Molecular Weight Growth in the Gas-Phase Reactions of Dehydroanilinium Radical Cations with Propene.

Abstract

Protonated aniline-one of the simplest nitrogen-bearing aromatic molecules-is speculated to be present within Titan's atmosphere, where it could play a role in molecular weight growth chemistry. To investigate this possibility, this paper examines the reactions of propene with distonic radical cations derived from protonated aniline. The reaction kinetics, products, and branching ratios of these distonic radical cations (i.e., 2-, 3-, and 4-dehydroanilinium radical cations) are measured in the gas phase using ion-trap mass spectrometry, and calculations (M06-2X/6-31G(2df,p) and G3X-K) are used to rationalize the results.
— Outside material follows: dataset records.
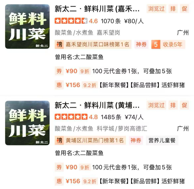 12月底,几家“新太二·鲜料川菜”门店(下文简称为“新太二”门店)在广州和佛山市悄然开业。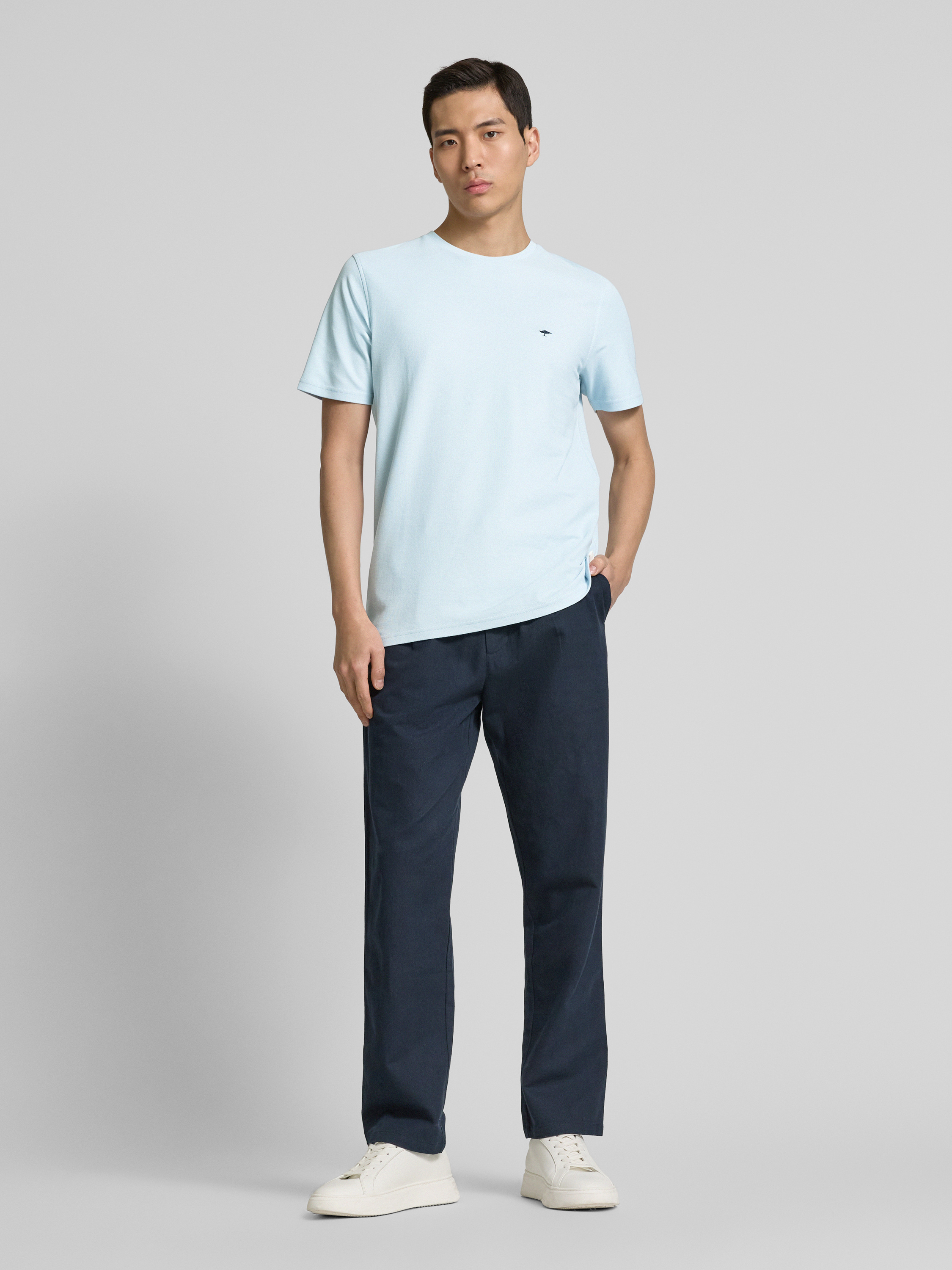 Fynch-HattonT-shirt met logostitching in lichtblauw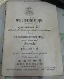 Soon after his appointment as temporary abbot, he was appointed fully as abbot of Wat Paknam, where he remained until his death in 1959.[7] For his life and work he was given monastic and royal honorific names, that is Phrakhru Samanadham-samathan (in 1921), Phrabhavanakosolthera (in 1949), Phramongkolratmuni (in 1955), and finally Phramongkolthepmuni (in 1957).[53][54][55] The last three royal titles were given late, due to the fact that the temple was not under royal patronage, and therefore received less attention from the royal family than other temples.[56][57][note 7]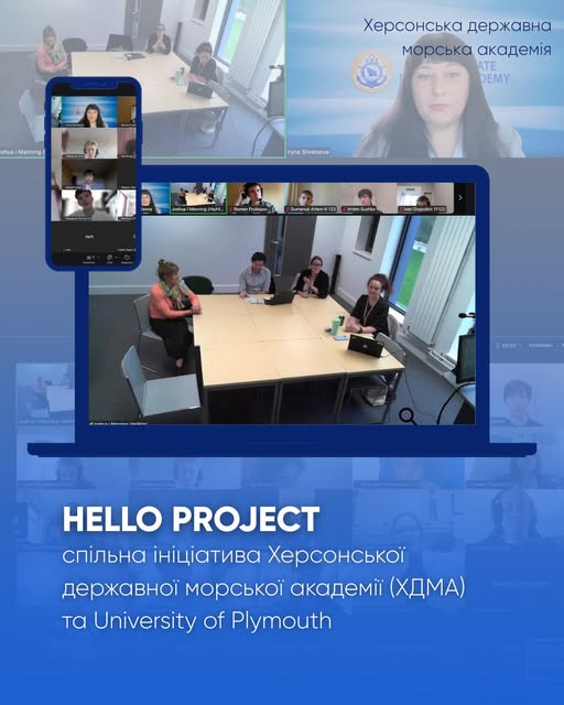 - 13 лютого 2024 року Херсонська державна морська академія та Плімут розпочали роботу в Hello Project (керівниця проекту Ірина ШВЕЦОВА). Курсанти ХДМА з різних курсів факультету судноводіння познайомилися із студентами Плімуту.
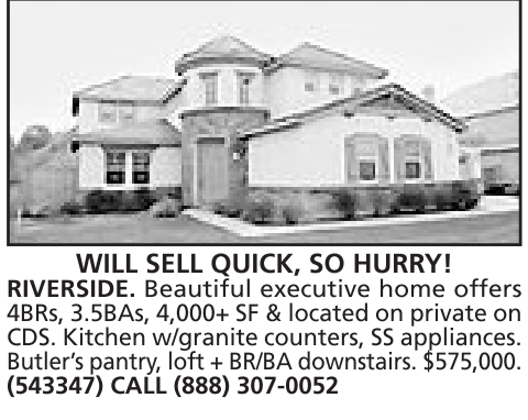 Butler’spantry,loft +BR/BA downstairs. $575,000. (543347) CALL (888) 307-0052

The reaction efficiencies for the 2-, 3-, and 4-dehydroanilinium radical cations are reported as 30.7 (±3.1)%, 2.4 (±0.5)%, and 2.1 (±0.4)%, respectively (with ±50% absolute accuracy). The 4- and 3-dehydroanilinium radical cations undergo addition of propene followed by either (i) methyl radical loss forming ammonio styrene cations (m/z 120) or (ii) ethylene loss pathways forming the ammonio benzyl radical cation (m/z 107). The 4-dehydroanilinium reaction favors methyl loss over ethylene loss, whereas the reverse is true for 3-dehydroanilinium. In contrast, the 2-dehydroanilinium radical cation reacts with propene to purportedly form amino tropylium cation (m/z 106) with ethyl radical loss and methyl amino tropylium cation (m/z 120) with methyl radical loss. The energies of all minima and transition states leading to predicted dissociation products are below the energy of the initial reactants providing plausible pathways at the low temperatures of Titan's atmosphere.